The worship of Aphrodite and Adonis is probably a Greek continuation of the ancient Sumerian worship of Inanna and Dumuzid. The Greek name Ἄδωνις (Ádōnis), /grc/) is derived from the Canaanite word 𐤀𐤃𐤍 (ʼadōn), meaning "lord".

This word is related to Adonai (אֲדֹנָי), one of the titles used to refer to the God of the Hebrew Bible and still used in Judaism to the present day. The Syrian name for Adonis is Gauas.

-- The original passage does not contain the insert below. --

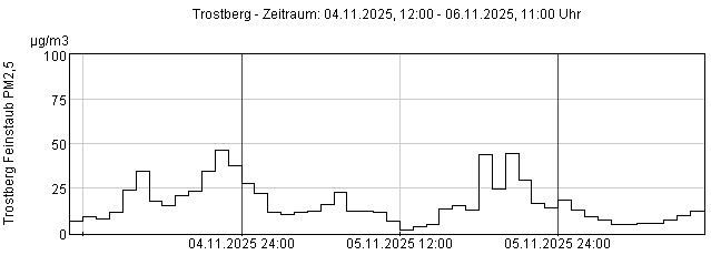 Feinstaub PM2,5: Stunden-Mittelwerte der letzten 48 Stunden

The cult of Inanna and Dumuzid may have been introduced to the Kingdom of Judah during the reign of King Manasseh. Ezekiel 8 mentions Adonis under his earlier East Semitic name Tammuz and describes a group of women mourning Tammuz's death while sitting near the north gate of the Temple in Jerusalem.

The earliest known Greek reference to Adonis comes from a fragment of a poem by the poet Sappho of Lesbos (c. 630), in which a chorus of young girls asks Aphrodite what they can do to mourn Adonis' death. Aphrodite replies that they must beat their breasts and tear their tunics. The cult of Adonis has also been described as corresponding to the cult of the Phoenician god Baal. As Walter Burkert explains:

Women sit by the gate weeping for Tammuz, or they offer incense to Baal on roof-tops and plant pleasant plants. These are the very features of the Adonis legend: which is celebrated on flat roof-tops on which sherds sown with quickly germinating green salading are placed, Adonis gardens ... the climax is loud lamentation for the dead god.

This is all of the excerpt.